In 1964 he received a diploma in Civil Engineering from the Yaba College of Technology, and in 1973 he obtained a degree in Civil Engineering from Fourah Bay College, University of Sierra Leone. For two years, he served as a president of the Oron Development Union Port Harcourt branch. For five consecutive years, he served as the President General of the Oruko Development Association and as a board of trustees member of the Oron Local Government Industrial and Development Fund.

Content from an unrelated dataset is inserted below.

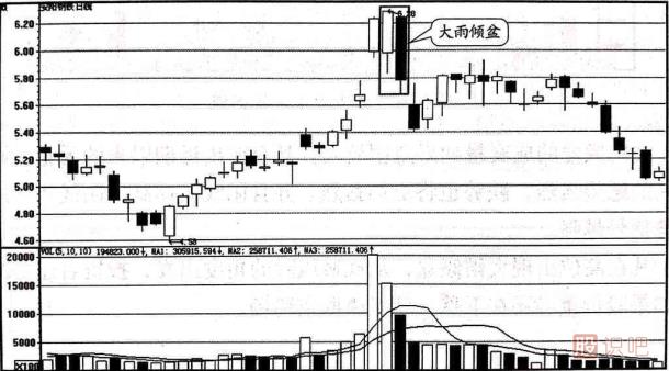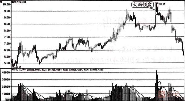 (1)大雨傾盆的成交量如果急劇放大,甚至放出近期以來的天量,則主力在高位出局的愿望強(qiáng)烈,跌勢(shì)也將更加猛烈。 并且陽線實(shí)體高出陰線實(shí)體的部分樾多,轉(zhuǎn)勢(shì)信號(hào)越強(qiáng)。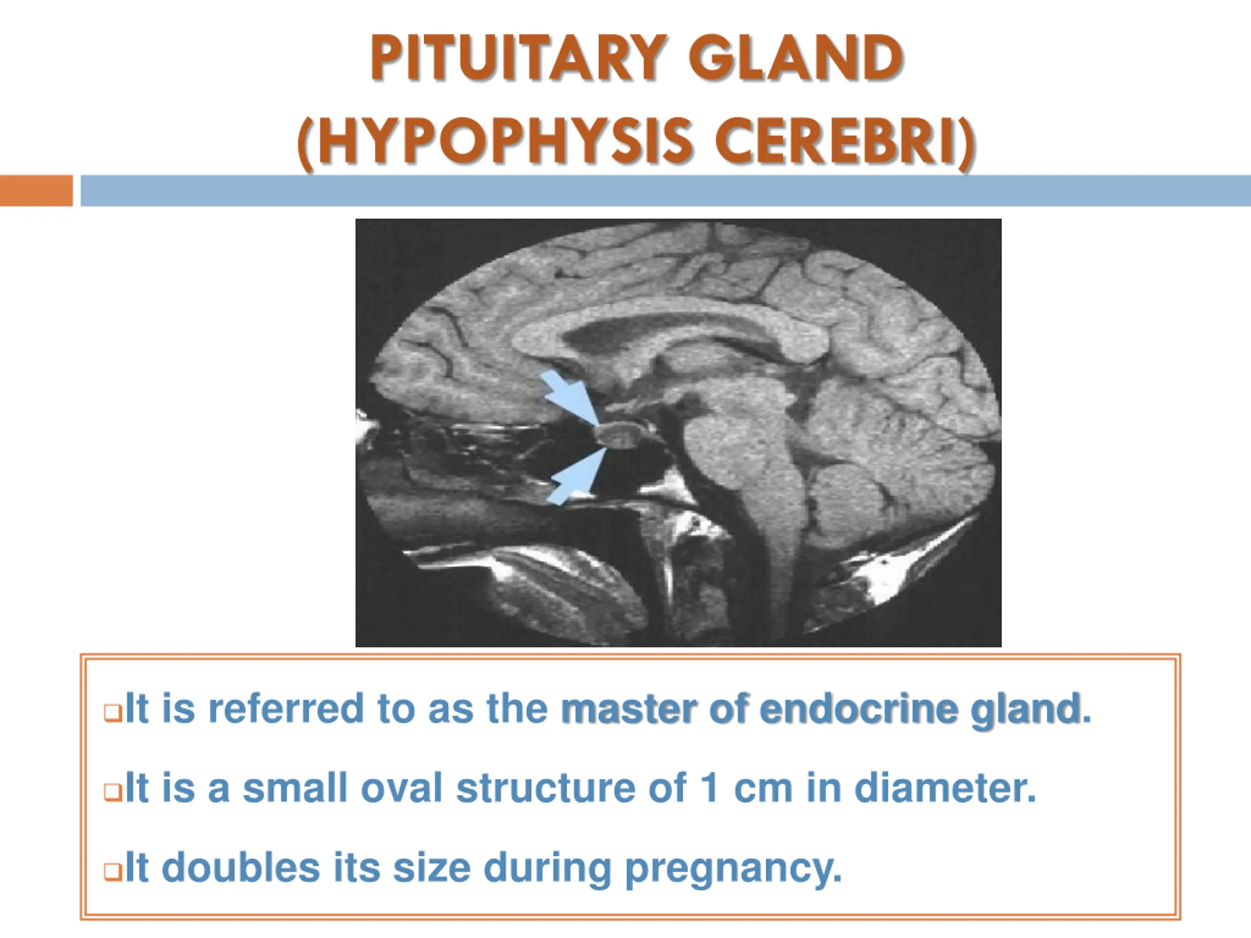 PITUITARY GLAND (HYPOPHYSIS CEREBRI) It is referred to as the master of endocrine gland. It is a small oval structure of 1 cm in diameter. It doubles its size during pregnancy.

Okpoyo worked as a survey party chief with the Louis Berger Engineering Company. Between 1974 and 1991 he also worked with the Nigerian Agip Oil Company Limited, Port Harcourt, before resigning to go into private business.

==Politics and public service==

He was elected as the first civilian deputy governor in 1992, alongside Obong Akpan Isemin, on the platform of the National Republican Convention, NRC. From 1992 to 1993, he served as Deputy Governor. He was the Nigerian Ambassador to Italy and Albania from 2000 to 2003.

Okpoyo was honored by the church as a Knight of John Wesley (KJW) under the, then, Archdiocese of Calabar.